Sensors based on special sound waves known as surface acoustic waves (SAWs) are capable of detecting tiny amounts of antigens of influenza A viruses. These sensors have been developed by A*STAR, Singapore’s Agency for Science, Technology and Research, and have the potential to detect viral infections rapidly and reliably at the point-of-care, making them powerful tools for combating future pandemics.

Influenza, for most of us, is associated with a high fever and a few days in bed, but some forms of the disease can be deadly – in 2010, 2% of deaths in the United States were influenza-related.

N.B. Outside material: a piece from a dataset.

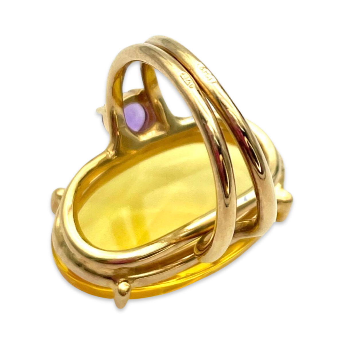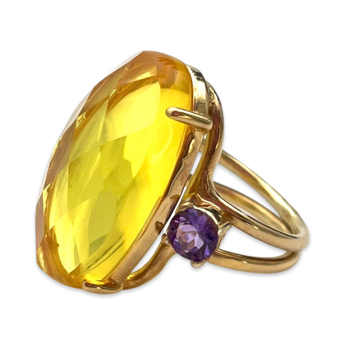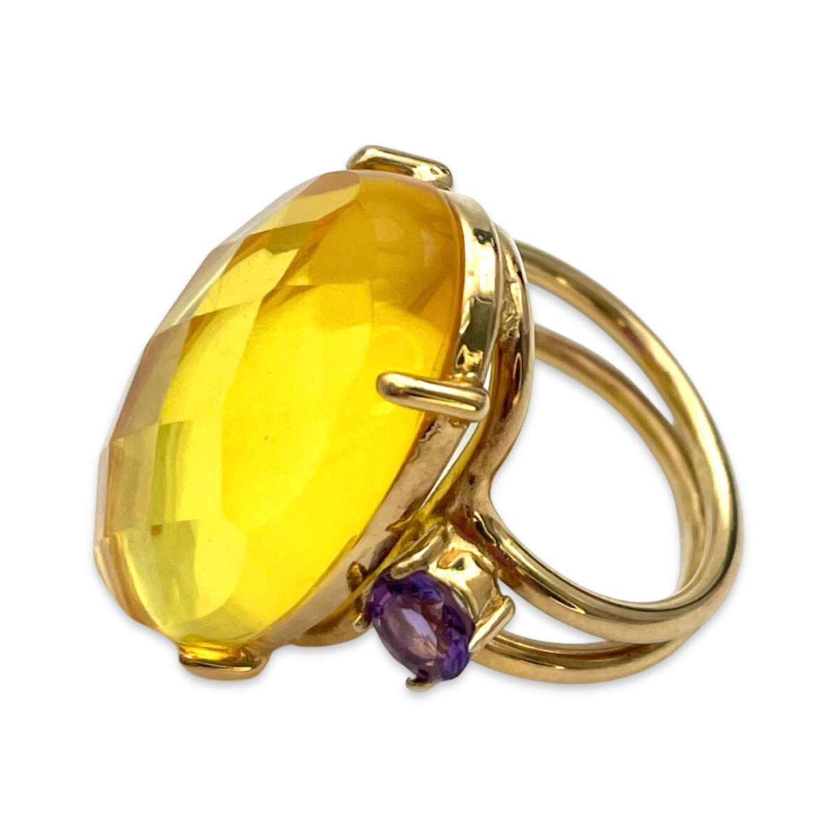 This gold-plated ring with faceted amber and amethyst is a stunning and unique accessory, available for purchase on our website. The ring features a high-quality gold plating 24k that adds a touch of luxury and elegance to the piece, and is adorned with a beautiful faceted amber stone and a small amethyst stone. The amber stone is smooth and easy to handle, and its warm, rich color is sure to complement any outfit. The purple amethyst stone adds an extra touch of color and charm to the piece, making it a true standout accessory. The ring also has a modern design that will complement any style, whether you're dressing up for a special occasion or adding some extra style to your everyday look. So why not add this gold-plated ring with faceted amber and amethyst to your jewelry collection today and make a bold and elegant statement!
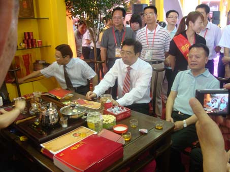 2011年6月16日寧德“投洽會”新味館前寧德市委書記陳榮凱、福安市委書記李轉(zhuǎn)生、市長楊培欽光臨品嘗“新味茶食”并給予充分的肯定和建議,公司所帶的產(chǎn)品被顧客搶購一空并與多家經(jīng)銷商和大型茶企簽訂了合作意向和加盟協(xié)議。

Of the three strains of influenza viruses – influenza A, B and C – it is influenza A that gives rise to major pandemics that break out periodically. Therefore, it is essential to be able to rapidly distinguish between the more dangerous influenza A and the other, more benign strains.

Current influenza detection methods have their limitations. “Of the two conventional methods for detecting influenza A, one is non-quantitative, not specific enough, and often unreliable and inconclusive, whereas the other is time-consuming, expensive and requires trained professionals,” explains Kui Yao of A*STAR. To provide a better detection method, Yao and his co-workers produced their sensors by coating lithium niobate, a piezoelectric material, with silicon oxide. They then formed a bioactive surface by immobilising influenza A antibodies on the sensor.

The SAW response of the sensor changed when antigens of influenza A bound to the immobilised antibodies on the sensor surface. Thus, by monitoring the SAW signal of a sensor, typically at very high frequencies of hundreds of MHz, the researchers were able to detect antigens with a sensitivity of at least one nanogramme per millilitre. The simplicity of such SAW sensors and their ability to be mass produced, make them highly attractive. “Our SAW sensors have a high sensitivity and are quantitative, low cost and easy enough to be potentially used at clinics,” says Yao.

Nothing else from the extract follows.